=== Begin Enclosure ===

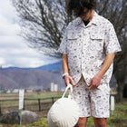 さらに、同じデザインのショートパンツと合わせることで、統一感のあるスタイリッシュなセットアップが完成します。タウンユースからリゾートシーンまで活躍する一枚です。
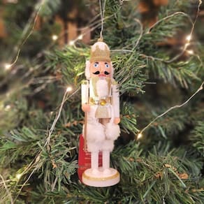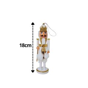 Este Quebra-Nozes decorado em branco e dourado é a peça de luxo que vai elevar sua decoração natalina. Com 28cm de altura, ele é adornado com um bastão com uma estrela dourada brilhante e um chapéu macio em pelúcia, que trazem sofisticação e charme. Além de sua beleza, esse Quebra-Nozes conta com um braço esquerdo articulado e uma boca funcional, acionada por uma alavanca em plástico, tornando-o não apenas decorativo, mas também interativo. Ideal para decorar entradas, mesas ou prateleiras, essa peça é perfeita para quem busca elegância e tradição com um toque de diversão.
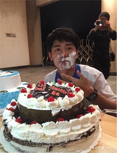 2015年10月10日,刘昊然在片场和工作人员一同庆祝18岁的生日,随后他在微博晒出一组照片,照片中他脸上涂有蛋糕变成花脸猫,迎接自己18岁的到来。
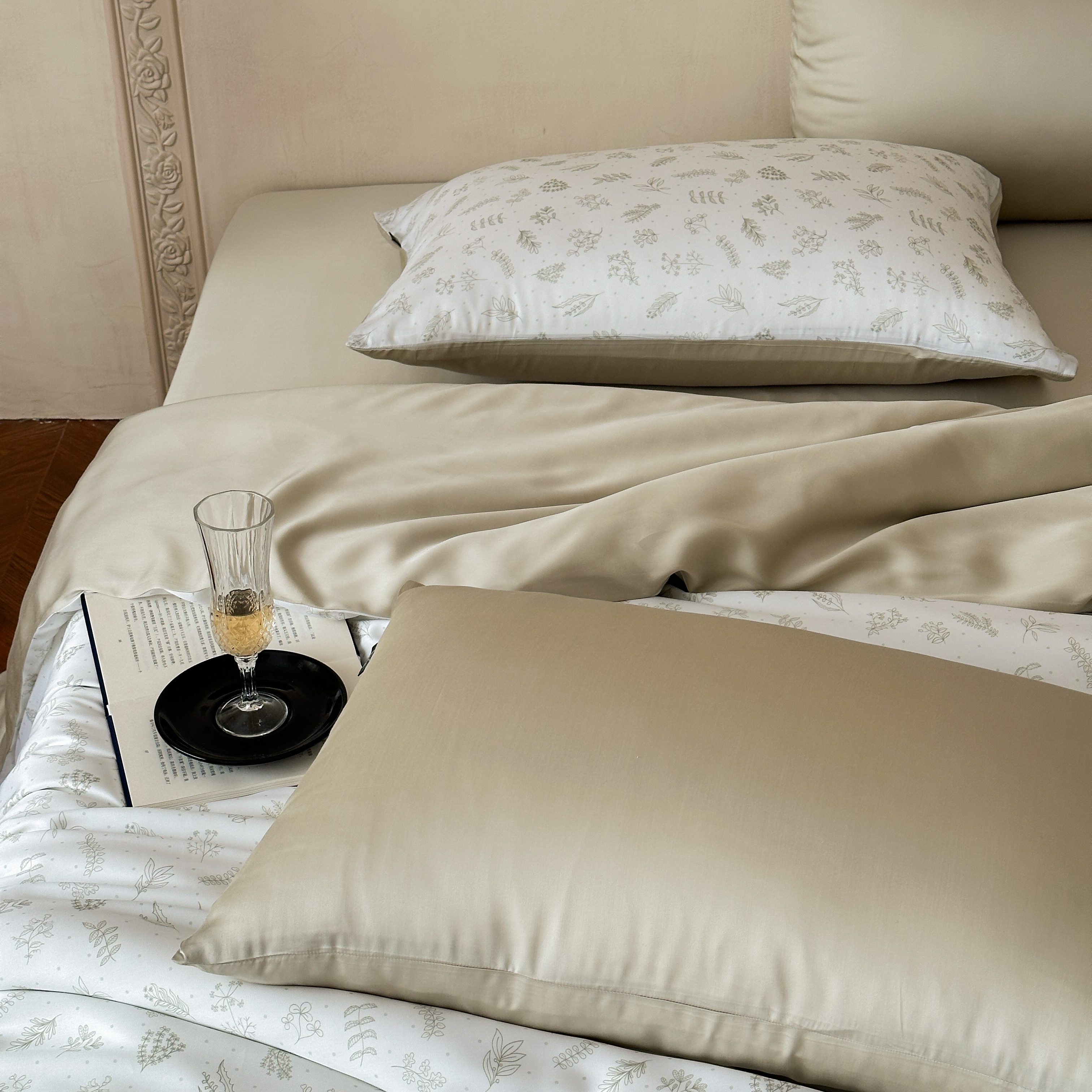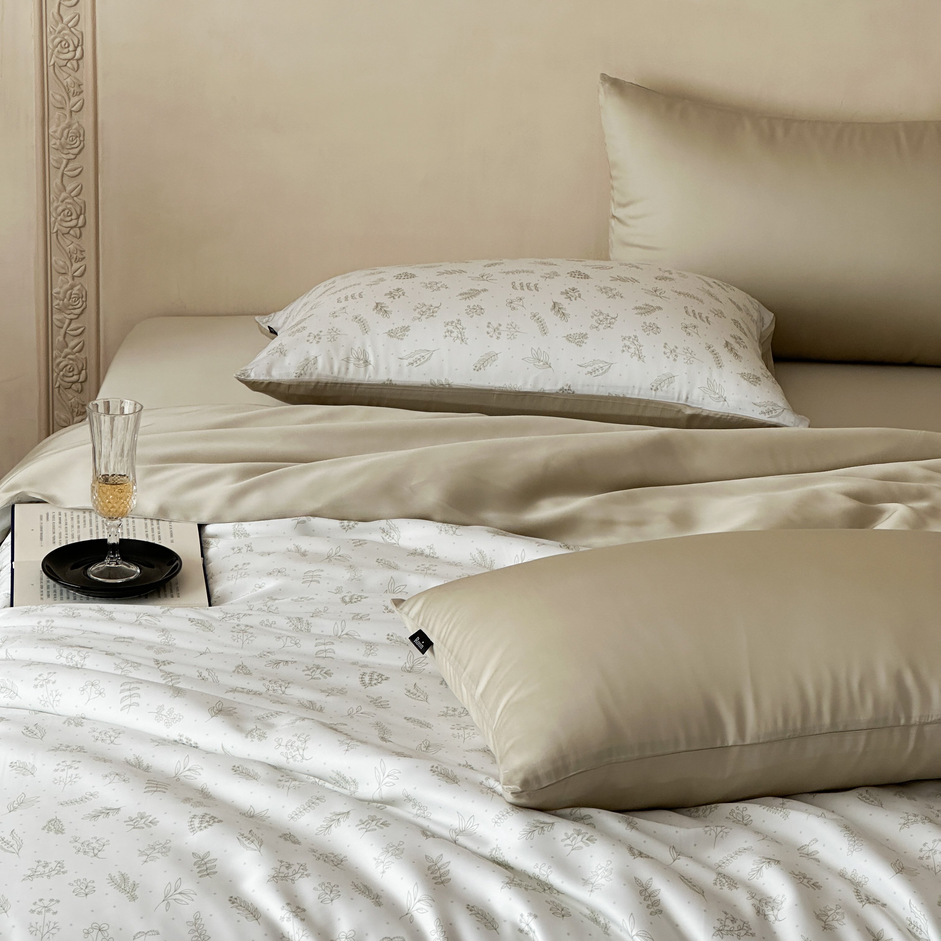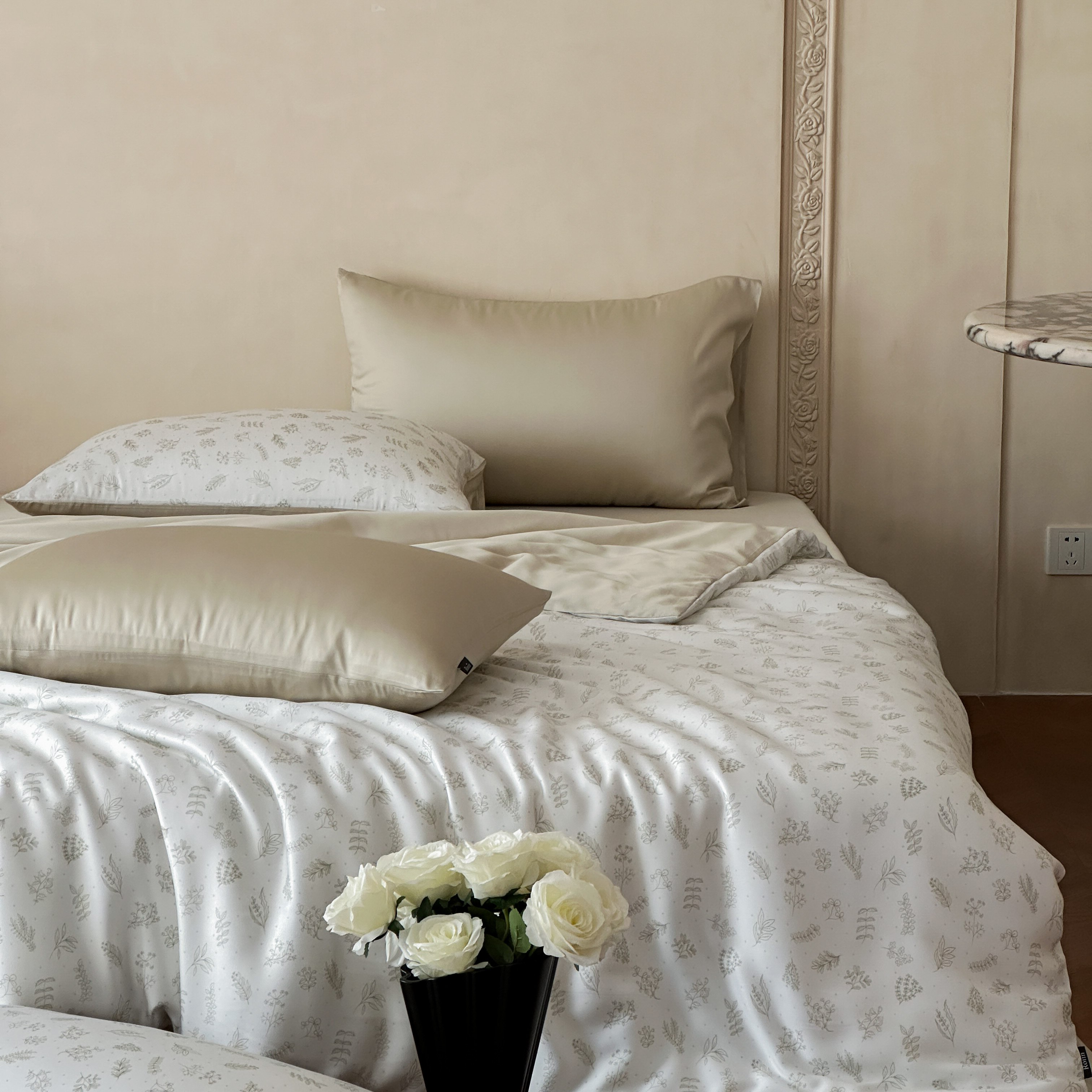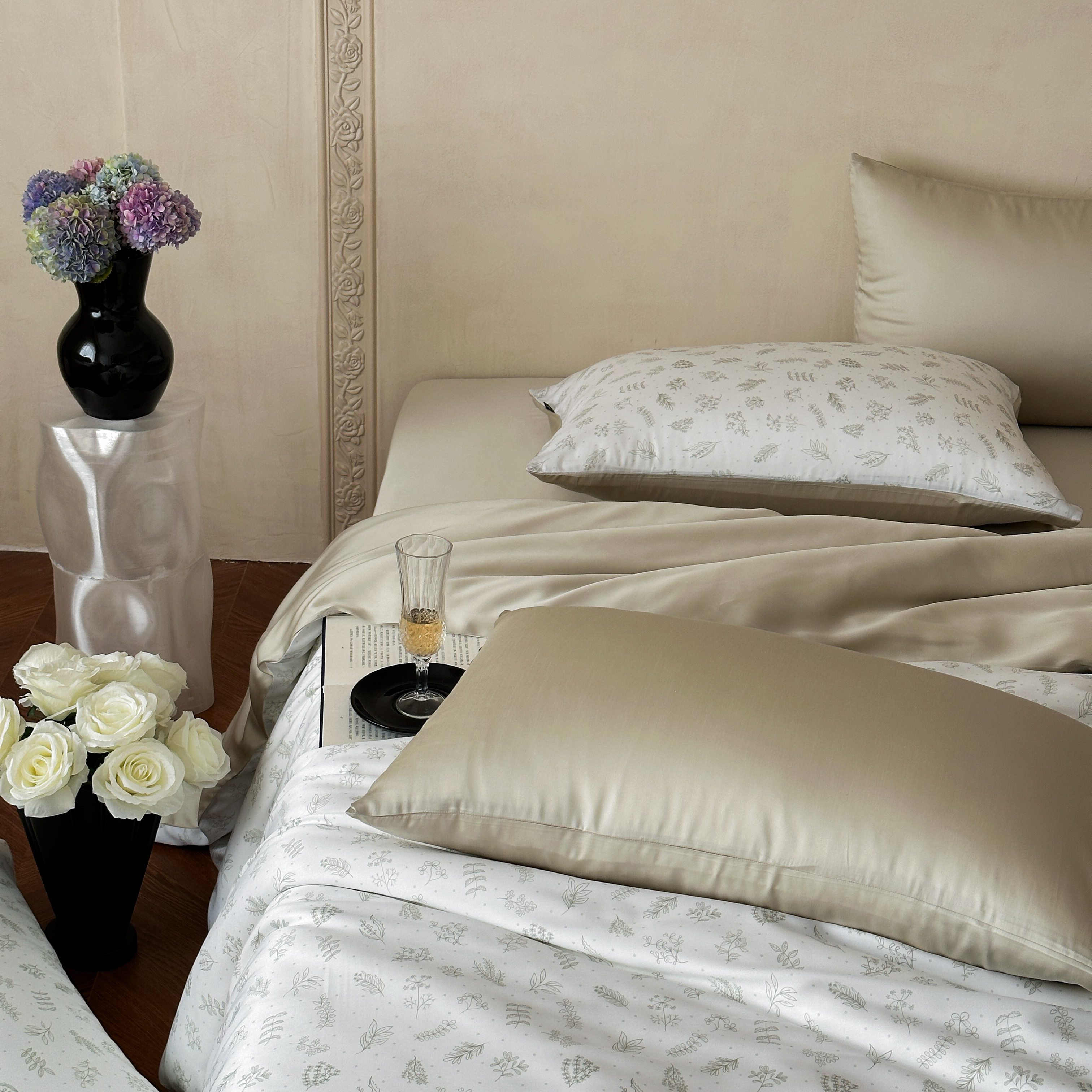 (总)玉宇阁家居 2023新款春夏60支兰精天丝拼色四件套,都市灰香槟,海盐松露,芥末黄香槟,裸粉香槟,茉莉奶绿,浅灰鹅黄,若草乳白

=== End Enclosure ===

▸ Brief:
Word for word, retype all of the data above, but include no pictures.

▸ Answer section:
 さらに、同じデザインのショートパンツと合わせることで、統一感のあるスタイリッシュなセットアップが完成します。タウンユースからリゾートシーンまで活躍する一枚です。
 Este Quebra-Nozes decorado em branco e dourado é a peça de luxo que vai elevar sua decoração natalina. Com 28cm de altura, ele é adornado com um bastão com uma estrela dourada brilhante e um chapéu macio em pelúcia, que trazem sofisticação e charme. Além de sua beleza, esse Quebra-Nozes conta com um braço esquerdo articulado e uma boca funcional, acionada por uma alavanca em plástico, tornando-o não apenas decorativo, mas também interativo. Ideal para decorar entradas, mesas ou prateleiras, essa peça é perfeita para quem busca elegância e tradição com um toque de diversão.
 2015年10月10日,刘昊然在片场和工作人员一同庆祝18岁的生日,随后他在微博晒出一组照片,照片中他脸上涂有蛋糕变成花脸猫,迎接自己18岁的到来。
 (总)玉宇阁家居 2023新款春夏60支兰精天丝拼色四件套,都市灰香槟,海盐松露,芥末黄香槟,裸粉香槟,茉莉奶绿,浅灰鹅黄,若草乳白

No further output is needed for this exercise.